Lawmakers will have to whittle the candidates down to a final two by July 21, before a postal ballot of the Conservative Party's 200,000 members takes place over the summer.

Bob Blackman, a Conservative lawmaker who sits on the executive of the 1922 Committee which sets the rules, said the process would be finalised on Monday evening.

He expected candidates to secure the support of about 20 lawmakers to proceed to the first round of voting, before further ballots decide a final two.

Already the battle for the top job is becoming personal.

The former finance minister Sajid Javid, another of the candidates, criticised what he called "poisonous gossip" and "attack memos" delivered by some colleagues over the weekend.

"This isn't the House of Cards or the Game of Thrones, and the people who are here just because they enjoy the game, they are in the wrong place," he said. "This is a time for pulling together, not apart."

The race followed one of the most tumultuous periods in modern British political history, when more than 50 government ministers and aides quit, denouncing Johnson's character, integrity and inability to tell the truth.

With many lawmakers unhappy with the disgraced Johnson remaining in office until a successor is found, the party is looking to accelerate the election process.

TAX CUTS

The issue of tax cuts was fast becoming the central battle in the race with nearly all of the candidates promising to cut business or personal taxes.

Setting out her pitch, Truss, who has held ministerial jobs in a number of government departments including trade, justice and the treasury, said she would reverse the recent rise in National Insurance contributions and signalled a cut to corporation tax.

Fellow contenders Jeremy Hunt and Javid both pledged to cut corporation tax, while the former defence minister Penny Mordaunt has promised to cut fuel duty.

Former finance minister Rishi Sunak is the early front runner, but he is the only candidate who has played down the prospect of imminent tax cuts, saying the adoption of "comforting fairy tales" would leave future generations worse off.

This has prompted his rivals to attack his economic record after the tax burden rose to the highest level since the 1950s.
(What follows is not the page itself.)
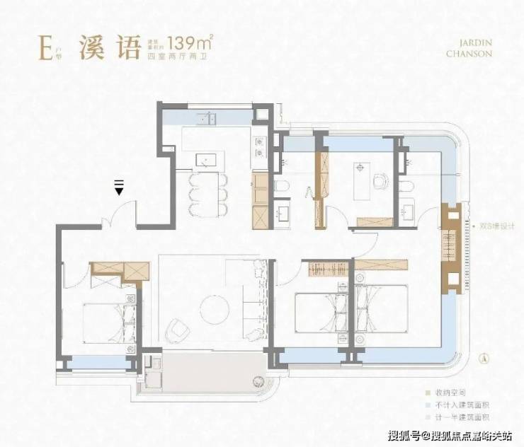 项目建面约139㎡4房则是集大成的终极改善户型。

One lawmaker confirmed that a dossier criticising Sunak's record had been circulating on lawmaker WhatsApp groups.

"FANTASY ECONOMICS"

Nadhim Zahawi, appointed finance minister in the turmoil of last week, said he was also being targeted by rivals after media reports raised questions about the former businessman's personal finances and tax record.

Whoever wins the leadership race will be faced with a daunting in-tray.

Britain's economy is facing rocketing inflation, high debt, and low growth, with people coping with the tightest squeeze on their finances in decades, all set against a backdrop of an energy crunch exacerbated by the war in Ukraine which has sent fuel prices soaring.

On the issue of immigration, all the main leadership candidates have pledged to keep the government's policy of sending asylum seekers to Rwanda, showing how the party has moved to the right of the political spectrum in recent years.

Other candidates include the attorney general, Suella Braverman, the chair of parliament's foreign affairs committee Tom Tugendhat, and the transport secretary Grant Shapps.

One Conservative member of parliament said he was astonished by the number of his people entering the leadership contest.

"I shouldn't be surprised by the ambitions and the delusions of some of my colleagues, but I am," he said. "I expect we will narrow down the list of candidates very quickly."

The opposition labour leader Keir Starmer in a speech took aim at an "arms race of fantasy economics" from the Conservative leadership candidates, claiming that more than 200 billion pounds ($239 billion) of commitments made by them over the weekend were unfunded.

Johnson has declined to endorse any of the candidates.